The Weekly Dev

Developer News & Tutorials

Est. 2024  ·  Vol. I
The Weekly Dev

AI Code Assistants: An Honest Field Report

After a year of daily use across two production codebases, here's what AI actually helps with, where it confidently produces garbage, and why the answer is more nuanced than the hype.

TH

By The Weekly Dev

AI Code Assistants: An Honest Field Report

What changed my workflow

The productivity gains are real. Not in the way the demos suggest, AI doesn't write features while you watch, but in the mundane: boilerplate, test scaffolding, documentation drafts, converting a data shape from one format to another.

Tasks I used to procrastinate because they were tedious but not technically interesting now take minutes. That friction reduction compounds over a week.

Where it actively costs you time

Confident wrongness is the failure mode. An AI assistant that said "I'm not sure" would be easy to use correctly.
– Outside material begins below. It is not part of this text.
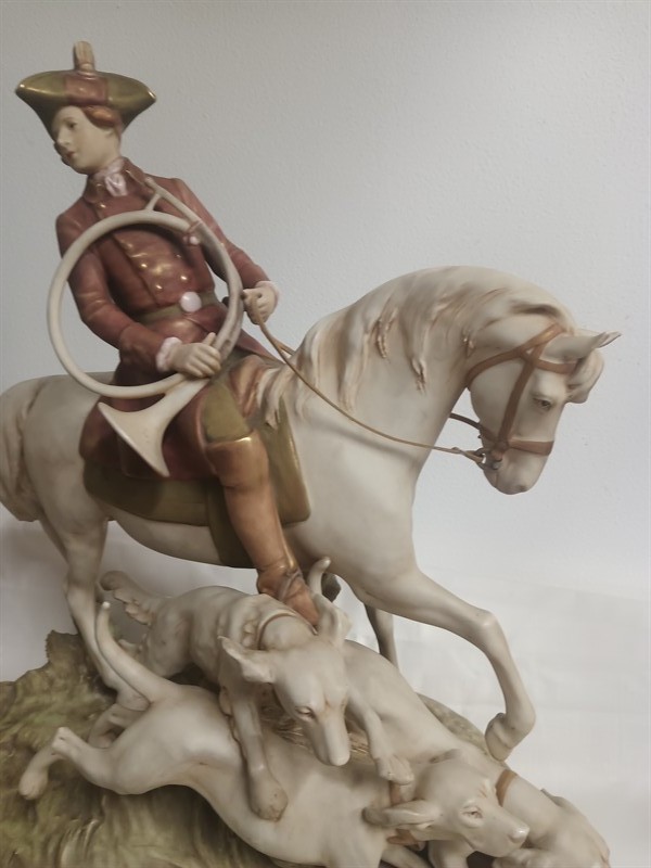 Velké sousoší z porcelánu - lovec na koni , se psy. Sousoší značeno Royal Dux . Výška 47 cm .
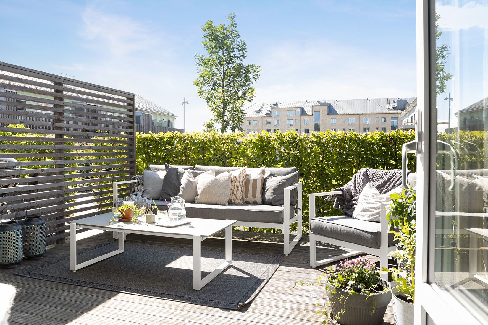 Badrummet är smakfullt inrett och utrustat med kombinerad tvättmaskin och torktumlare – ett bekvämt tillskott i vardagen. Pricken över i:et är den rymliga uteplatsen i bästa söderläge, där ni kan njuta av solen från förmiddag till kväll med fri vy över innergården. I anslutning till uteplatsen finns dessutom ett praktiskt kallförråd som ger extra förvaringsmöjligheter.

One that produces plausible-looking but subtly incorrect code is dangerous, because it passes the visual scan.

I've caught: outdated API usage that was correct in an older version, off-by-one errors in generated loops, security issues in generated authentication code, and race conditions in async logic. All looked right at a glance.

The skill that matters

The engineers who benefit most from AI assistants are the ones who can evaluate output quickly. They use it as a drafting tool and apply the same scrutiny they'd apply to code from a junior engineer, maybe more.

The engineers who struggle are the ones who treat it as an oracle. The tool amplifies whatever judgment you bring to it.

The honest summary

Useful. Not transformative. Requires maintenance of the skills it's nominally replacing. Worth adopting with clear eyes about what it does and doesn't do well.